# [Data excerpts]
- Opening Delimiter -
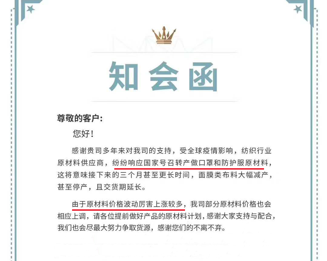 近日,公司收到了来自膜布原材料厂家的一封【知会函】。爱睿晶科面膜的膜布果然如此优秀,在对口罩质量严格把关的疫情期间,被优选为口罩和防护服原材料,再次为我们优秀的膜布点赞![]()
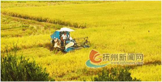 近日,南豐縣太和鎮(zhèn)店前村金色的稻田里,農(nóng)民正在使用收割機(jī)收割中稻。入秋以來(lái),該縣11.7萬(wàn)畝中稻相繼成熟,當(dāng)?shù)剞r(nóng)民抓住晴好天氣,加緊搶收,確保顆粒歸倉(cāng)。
- Closing Delimiter -
- Opening Delimiter -
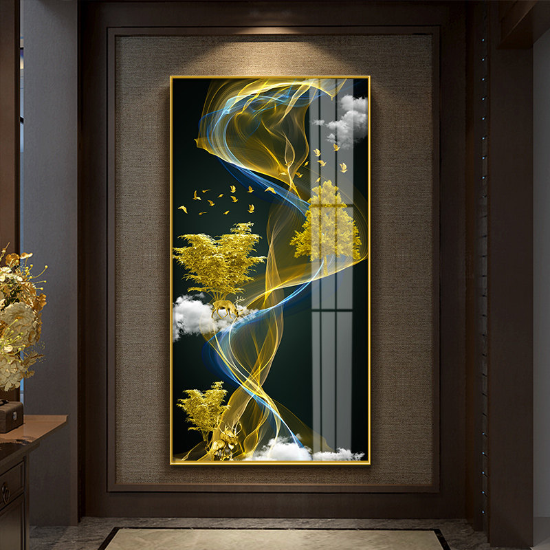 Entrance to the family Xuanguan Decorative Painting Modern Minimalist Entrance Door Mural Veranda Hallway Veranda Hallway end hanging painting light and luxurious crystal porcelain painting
- Closing Delimiter -
Begin at the line in the entries above that has "近日,公司收到了来自膜布原材", stop after the line that has "近日,南豐縣太和鎮(zhèn", and output exactly those lines without pictures.

 近日,公司收到了来自膜布原材料厂家的一封【知会函】。爱睿晶科面膜的膜布果然如此优秀,在对口罩质量严格把关的疫情期间,被优选为口罩和防护服原材料,再次为我们优秀的膜布点赞![]()
 近日,南豐縣太和鎮(zhèn)店前村金色的稻田里,農(nóng)民正在使用收割機(jī)收割中稻。入秋以來(lái),該縣11.7萬(wàn)畝中稻相繼成熟,當(dāng)?shù)剞r(nóng)民抓住晴好天氣,加緊搶收,確保顆粒歸倉(cāng)。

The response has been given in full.